Plinio recordó el armario grande de un cuarto contiguo a la cocina y se fue hacia allá con el humor un poco averiado. Don Lotario continuó un rato ante el balcón lleno de sol y de claras fachadas, con cara mohína, y por fin, arrastrando los pies y con maldita la gana, fue donde estaba el Jefe.

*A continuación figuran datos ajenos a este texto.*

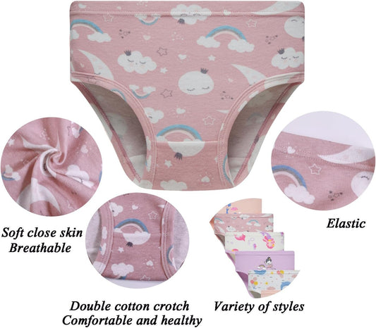 Girls' Underwear,Soft Cotton Tagless Panties for Toddlers' & Little Kids Comfort,Breathable Briefs,8-Pack

Había conseguido abrir el gran armario. Estaba totalmente lleno de muñecos y muñecas de distintos tamaños, épocas y calidad. Todos limpios, bien trajeados y colocados con un orden casi aburrido. Docenas de ojos de cristal mirando a aquellos hombres. Manos alzadas con los dedos abiertos. Sonrisas congeladas. Labios rojos y muchas cabecillas rubias. Plinio contemplaba aquel muñequerío con ternura. Allí estaba, en múltiples figuras de China, cartón y plástico, simbolizada la maternidad frustada de las hermanas coloradas. Y a sus sesenta años largos, se las imaginaba en las tardes solaces, junto a aquel almacén de peponas, canturreándoles, mudándoles vestidos, durmiéndolas con nanas reviejas y quizás en un descuido, arrimándoselas al calor de sus tetas pasas, a sus labios barbecheras o acunándolas en sus haldas sin pecado. Tal vez por la noche se llevaban alguna, la preferida, hasta el embozo frío de su cama para intentar calentarlas con sus costillares tallados, con el blancor de su camisón, con la pelirroja hoquedad de sus sobacos. Todos los niños y niñas que no parieron y pensaron estaban multiplicados en aquel armario. Unos con chupetes, otras con lacitos, otras con un sombrero de playa inverosímil… Y Plinio trasladó el pensamiento a su hija, a su pobre hija, ya madura, que tal vez quedase sin matrimonio, soñando también en partos clamorosos, en hijos como capullones arrebujados en mantillas, en babas, besos y llantos nocherniegos. Una mujer con el papo intonso y la barriga sin creación es el ciprés más triste y entristecedor del mundo. Hay que darle su juego a la barriga y sudar en las noches entre abrazos y suspiros chillados; hay que parir de cuando en cuando echando cuerpos, placentas, licores y gritos. Hay, coño, que darle a la mitad del cuerpo de abajo lo que es suyo y no pasarse las noches como un busto de mármol sobre el embozo.